# ftp-upload



## Gustaf (26. Apr 2005)

Hallo,

ich muss ein ftp-upload-Applet in eine Webseite einbauen. Jetzt habe ich das Problem mit dem Signet. Ich habe gelesen, dass es nicht ganz einfach ist mal eben so ein Signet zu bekommen.
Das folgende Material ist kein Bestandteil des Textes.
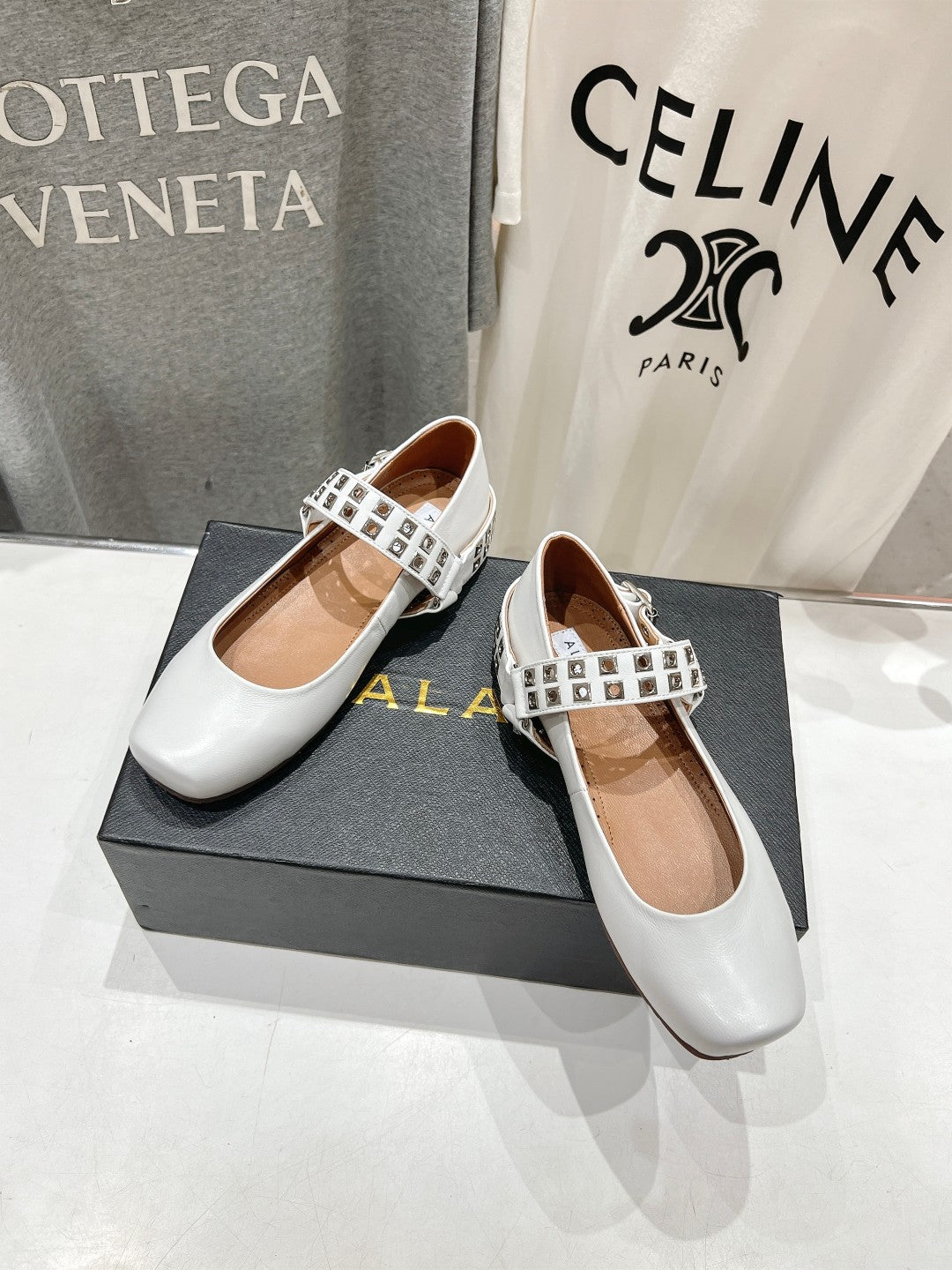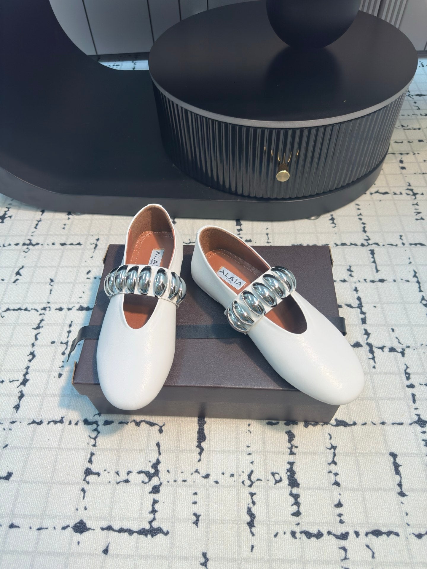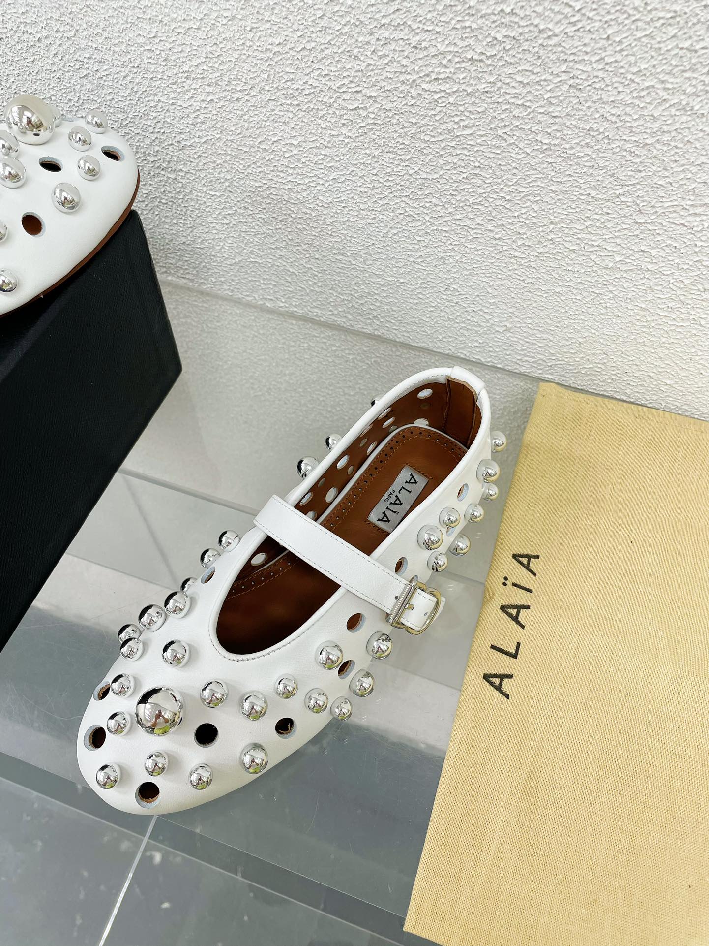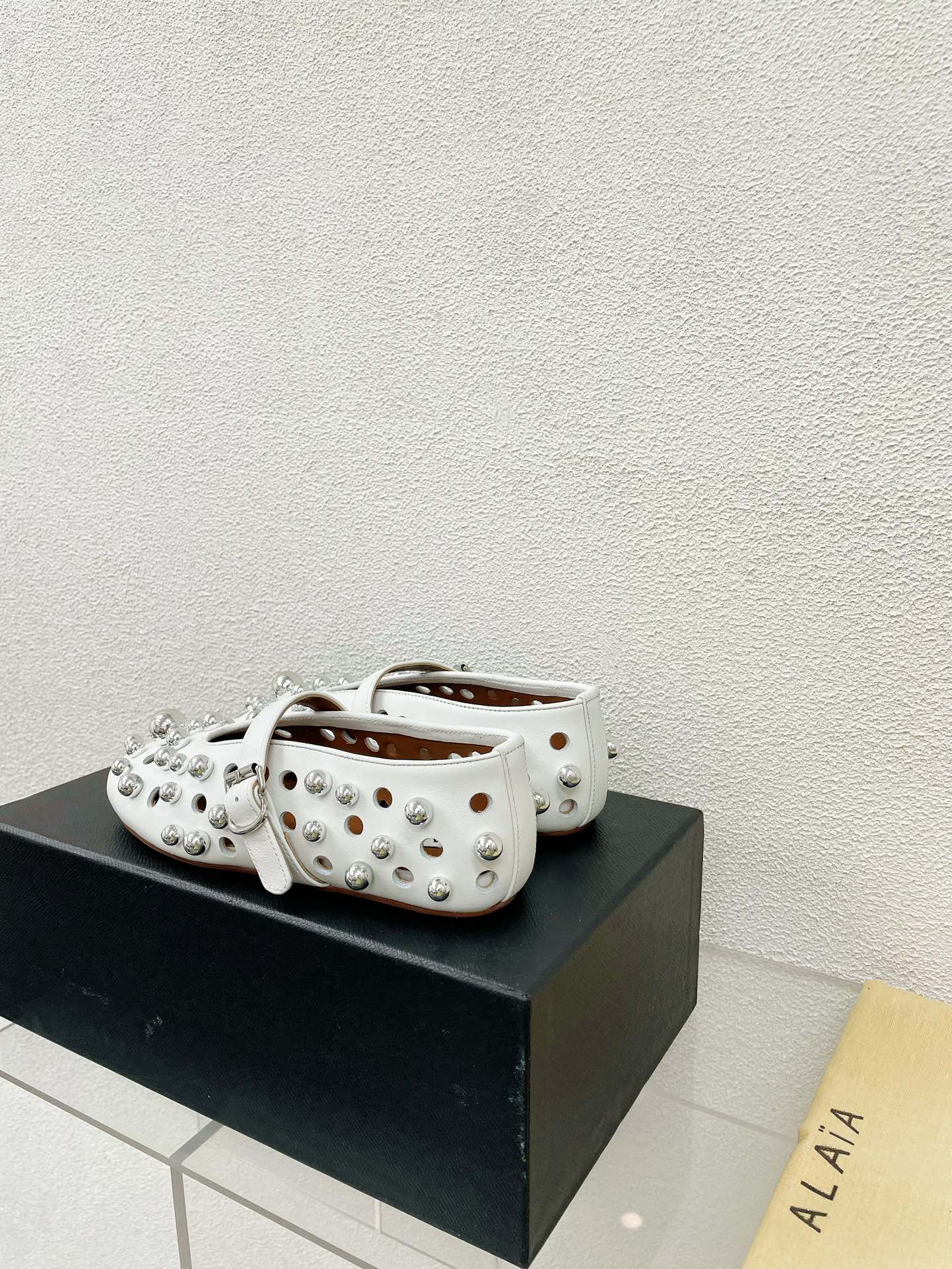 Alaia 25 Biker Ballet Flats White Calfskin 303734

Meine Frage ist nun ob es überhaupt Sinn macht sich
damit auseinander zu setzen. 
Oder oist es vielleicht besser auf ein vorgefertigtes Upload-Tool zurückzugreifen, was ja auch nicht ganz billig ist.
Vielleicht gibt es ja noch ne andere Alternative um ein Upload größerer Daten zu machen??

Danke


----------



## KSG9|sebastian (26. Apr 2005)

warum ein applet und kein servlet ? is doch viel einfacher

guck dir mal die fileupload lib an (jakarta.apache.org)


----------



## DP (26. Apr 2005)

oder den von enterprisedt.com nehmen


----------



## Gustaf (26. Apr 2005)

Hallo,
vielen Dank für die Antwort. 
Kann man damit auch größere uploads machen auch wenn der php-Scriptupload begrenzt ist??


----------



## DP (26. Apr 2005)

mit dem teil von enterprisedt kannste uploaden bis der server platzt


----------



## gustaf (26. Apr 2005)

Hi,

danke 
Leider ist es das erste Mal das ich mit jsp arbeite. Gibt es daz eine gute Anleitung oder ein Tutorial?? :roll:


----------



## Xenobyte (26. Apr 2005)

Ich arbeite mich auch gerade in JSPs ein. Ich finde http://www.jsptutorial.org/ ziemlich gut.


----------



## Guest (26. Apr 2005)

OK,
mal ne ganz dumme Frage: Funzt das Ganze auf nem Appache Server???


----------



## Bleiglanz (26. Apr 2005)

nein


----------